Для X века приведенные статьи БСЭ сопоставляют словенский и русский языки как родственные, соответственно южнославянский, обособившийся как раз примерно в это время, и восточнославянский, якобы уже три века существовавший самостоятельно. Поэтому противопоставление «росского» и «славянского» языков Константином Багрянородным в середине X века заставляет уделить этому поразительному факту отдельный раздел наших с тобой, мой растерянный читатель, «Развлечений».
«а славянский народ и русский един…». Так перевел пассаж оригинала «Повести» Д. Лихачев. Это не первый случай, мой памятливый читатель, где перевод вызывает, мягко говоря, недоумение, ибо на самом же деле оригинальный текст иной: «А словенский язык и русский одно есть…».

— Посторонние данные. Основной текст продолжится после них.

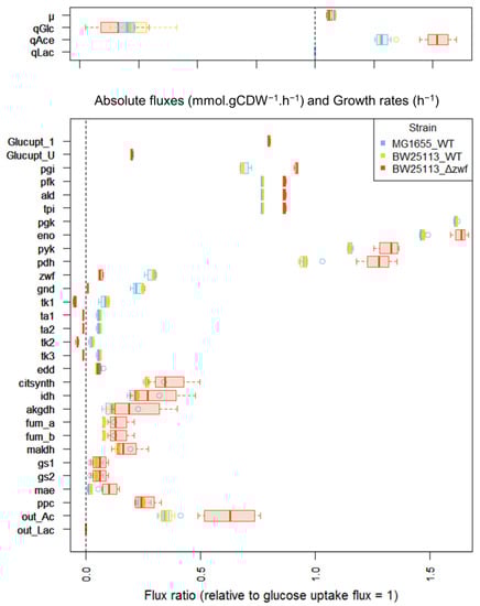 Metabolic fluxes measured for E. coli WT strains and a Δzwf mutant strain. Top: experimentally measured fluxes (expressed in mmol·gDW−1·h−1) and growth rate (expressed in h−1). Physiological measurements: µ, growth rate; qGlc, glucose specific consumption rate; qAce, acetate specific production rate; qLac, lactate specific production rate. Bottom: Intracellular fluxes calculated from the 13C-labelling data; fluxes are expressed relative to the glucose uptake rate set arbitrarily to 1 for each strain. Boxplot produced with the software R representing median fluxes (bold line) in boxes representing the interquartile range (quartile 1–quartile 3). The whiskers extend to the most extreme data point that is no more than 1.5 times the interquartile range from the box. Net fluxes: Glucupt_1 and Glucupt_U: [1-13C]-glucose and [1-13C]-glucose importation (PTS system), pgi: glucose-6-phosphate isomerase, pfk: phosphofructokinase, ald: fructose-bisphosphate aldolase, tpi: triose-phosphate isomerase, pgk: phosphoglycerate kinase, eno: enolase, pyk: pyruvate kinase, pdh: pyruvate dehydrogenase, zwf: glucose 6-phosphate dehydrogenase, gnd: phosphogluconate dehydrogenase, tk1: half-reaction transketolase (1), ta1: half-reaction transaldolase (1), ta2: half-reaction transaldolase (2), tk2: half-reaction transketolase (2), tk3: tk2: half-reaction transketolase (3), edd: Entner-Doudoroff enzymes: equivalent to 6-phosphogluconate dehydratase and 2-keto-3deoxy-6phosphogluconate (KDPG) aldolase, citsynth: citrate synthase, idh: isocitrate dehydrogenase, akgdh: alpha-ketoglutarate dehydrogenase, fum_a and fum_b: fumarase, maldh: malate dehydrogenase, gs1: isocitrate lyase, gs2: malate synthase, mae: malic enzyme, ppc: equivalent to pep carboxylase (forward flux) and to pep carboxykinase (reverse flux), out_Ac: acetate output (equivalent to acetate kinase).

Сайт Центра развития русского языка[112], цитируя не перевод Д. Лихачева, а оригинальный текст, аккуратно и боязливо, чтобы не заподозрили в крамоле, но все же поясняет: «Слово язык употреблено здесь не только в древнем значении «народ», но и в значении “речь”». Тебе, мой независимый читатель, очевидно, что такое пояснение без «перевода» Лихачева вообще звучит бредом. На самом деле, это не бред, а гипертрофированная боязнь возразить академику. Если же без экивоков и боязливых взглядов в сторону академических авторитетов, речь в цитате идет вовсе не о народе, а именно о языке, что прямо следует из контекста, поскольку весь абзац «Повести», откуда взят процитированный пассаж, посвящен истории славянской грамоты, персонально Кириллу и Мефодию. И заканчивается он фразой: «Полянами прозваны были потому, что сидели в поле, а язык был им общий – славянский», именно язык, и более точно, как в оригинале, – не славянский, а словенский.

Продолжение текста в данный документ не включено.